*Working data*.
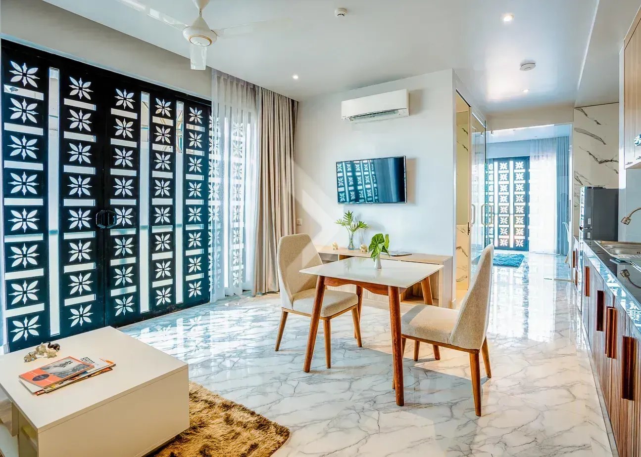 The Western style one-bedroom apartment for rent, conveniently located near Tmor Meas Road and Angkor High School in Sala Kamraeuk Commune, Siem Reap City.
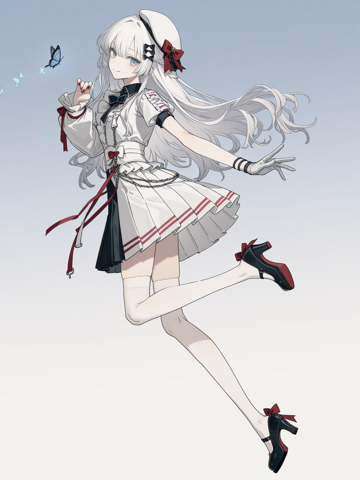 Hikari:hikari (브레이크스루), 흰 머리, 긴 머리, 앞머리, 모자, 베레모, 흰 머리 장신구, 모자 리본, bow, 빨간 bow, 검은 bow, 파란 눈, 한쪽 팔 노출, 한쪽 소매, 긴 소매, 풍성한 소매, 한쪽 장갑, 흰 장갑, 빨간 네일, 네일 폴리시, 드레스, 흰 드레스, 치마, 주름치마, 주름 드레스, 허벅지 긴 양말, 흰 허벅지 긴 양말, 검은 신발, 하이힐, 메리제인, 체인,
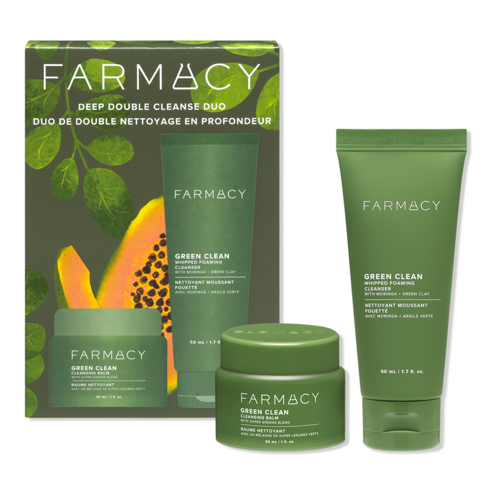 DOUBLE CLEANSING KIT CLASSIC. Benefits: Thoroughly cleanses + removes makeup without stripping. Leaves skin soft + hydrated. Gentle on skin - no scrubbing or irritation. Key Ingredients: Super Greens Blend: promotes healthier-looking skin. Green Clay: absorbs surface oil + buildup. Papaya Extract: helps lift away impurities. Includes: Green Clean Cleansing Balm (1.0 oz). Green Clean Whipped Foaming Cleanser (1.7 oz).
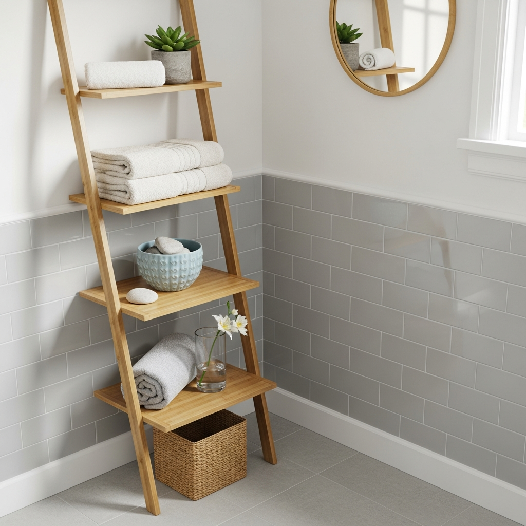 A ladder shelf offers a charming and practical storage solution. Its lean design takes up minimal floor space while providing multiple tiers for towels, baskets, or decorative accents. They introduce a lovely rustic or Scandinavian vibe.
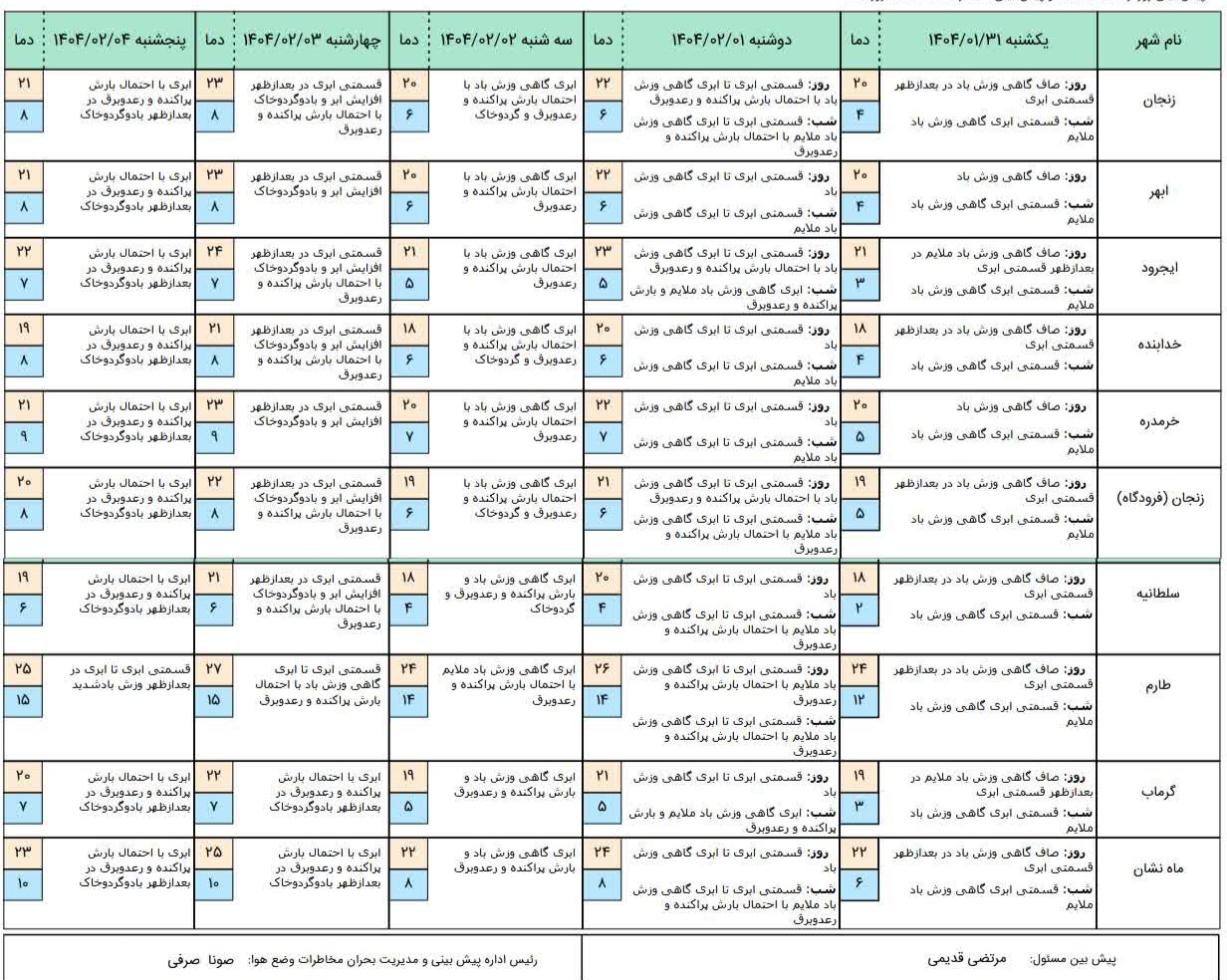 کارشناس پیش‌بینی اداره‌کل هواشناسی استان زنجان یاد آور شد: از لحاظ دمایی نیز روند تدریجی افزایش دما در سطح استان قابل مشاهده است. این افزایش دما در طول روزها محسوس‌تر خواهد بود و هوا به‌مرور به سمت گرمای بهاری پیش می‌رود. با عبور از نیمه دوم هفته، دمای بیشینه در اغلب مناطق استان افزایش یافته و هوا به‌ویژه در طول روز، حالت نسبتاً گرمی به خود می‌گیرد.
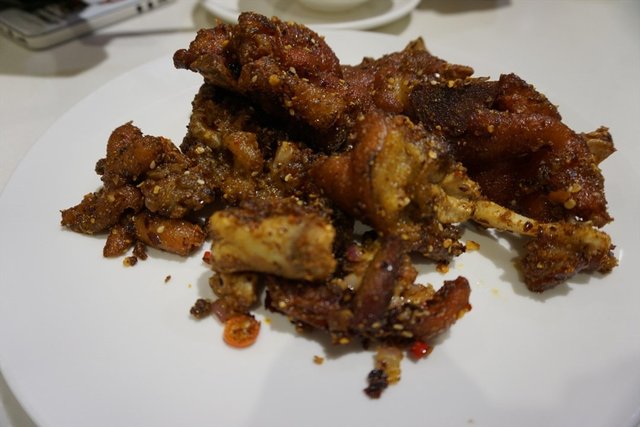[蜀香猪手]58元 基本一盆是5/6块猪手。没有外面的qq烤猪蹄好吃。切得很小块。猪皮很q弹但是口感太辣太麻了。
* * *
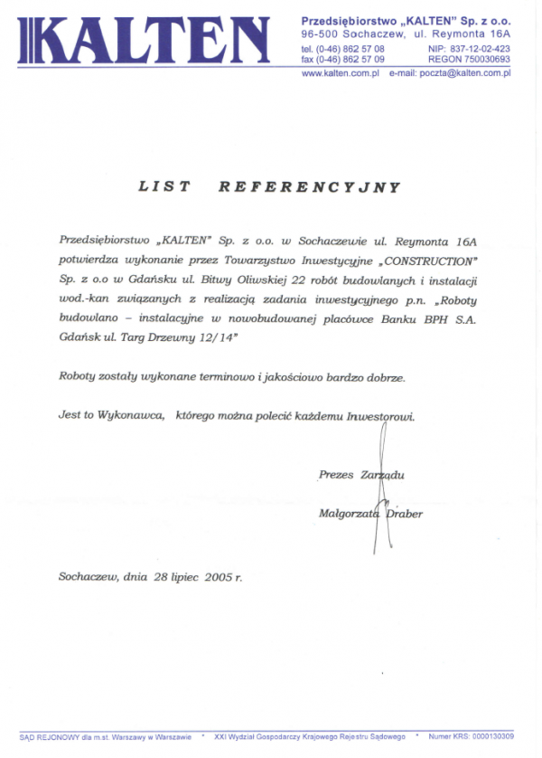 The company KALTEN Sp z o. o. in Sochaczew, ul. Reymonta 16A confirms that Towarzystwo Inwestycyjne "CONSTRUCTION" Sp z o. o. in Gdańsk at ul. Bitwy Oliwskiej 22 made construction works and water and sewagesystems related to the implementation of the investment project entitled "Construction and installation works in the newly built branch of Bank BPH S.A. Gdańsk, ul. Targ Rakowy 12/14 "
==
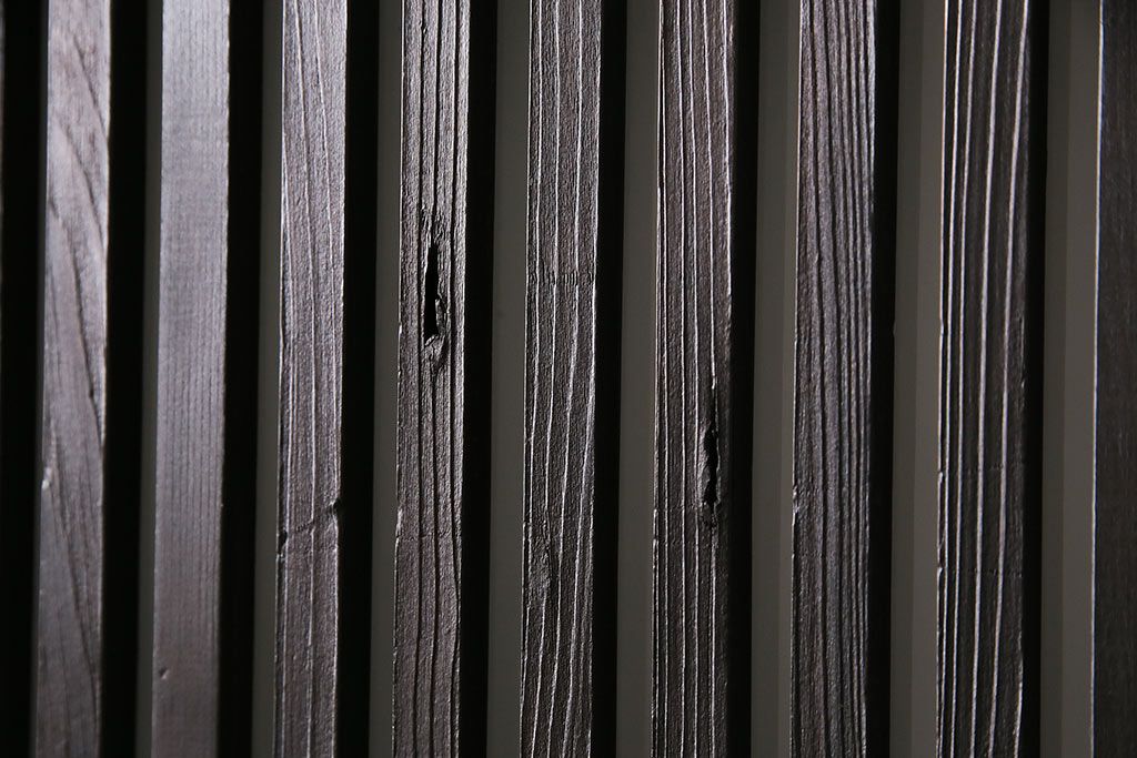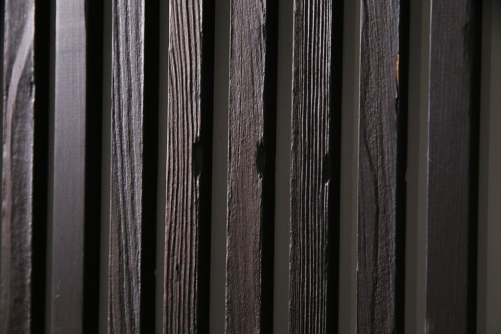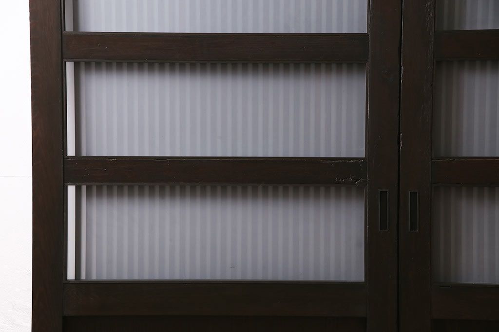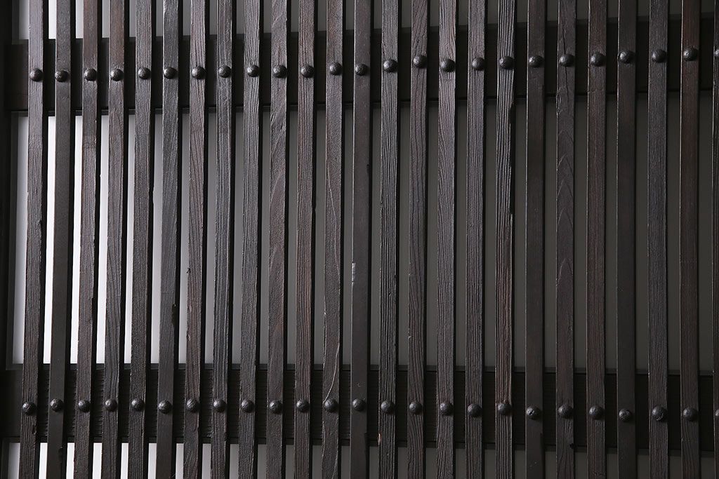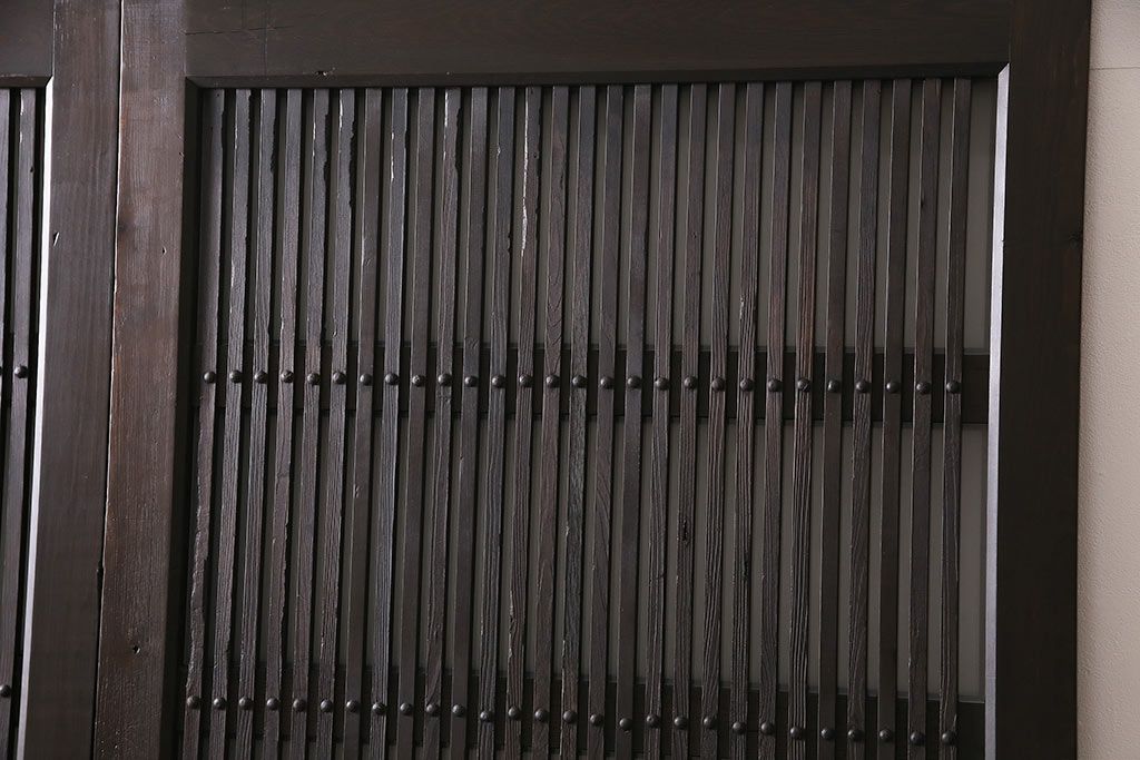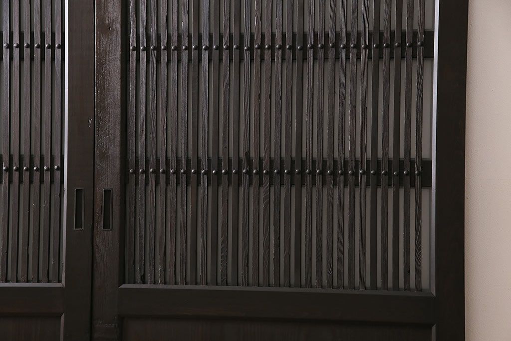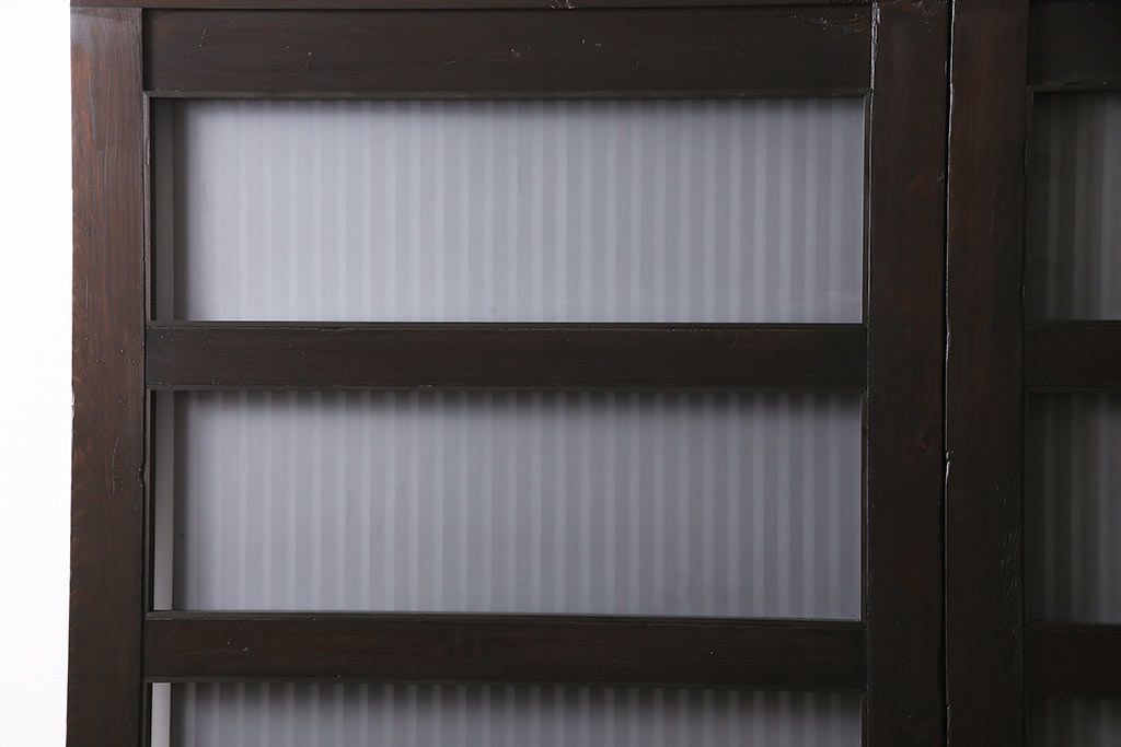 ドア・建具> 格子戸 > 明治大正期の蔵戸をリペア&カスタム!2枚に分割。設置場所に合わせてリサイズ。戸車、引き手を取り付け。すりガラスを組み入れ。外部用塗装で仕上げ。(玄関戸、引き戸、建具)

*Problem details*. Working from the entries above, reproduce exactly and only the lines beginning with the line that has "کارشناس پیش‌بینی اداره‌کل" and ending with the line that has "[蜀香猪手]58元 基本一盆"; omit all pictures.

*Output*.
 کارشناس پیش‌بینی اداره‌کل هواشناسی استان زنجان یاد آور شد: از لحاظ دمایی نیز روند تدریجی افزایش دما در سطح استان قابل مشاهده است. این افزایش دما در طول روزها محسوس‌تر خواهد بود و هوا به‌مرور به سمت گرمای بهاری پیش می‌رود. با عبور از نیمه دوم هفته، دمای بیشینه در اغلب مناطق استان افزایش یافته و هوا به‌ویژه در طول روز، حالت نسبتاً گرمی به خود می‌گیرد.
[蜀香猪手]58元 基本一盆是5/6块猪手。没有外面的qq烤猪蹄好吃。切得很小块。猪皮很q弹但是口感太辣太麻了。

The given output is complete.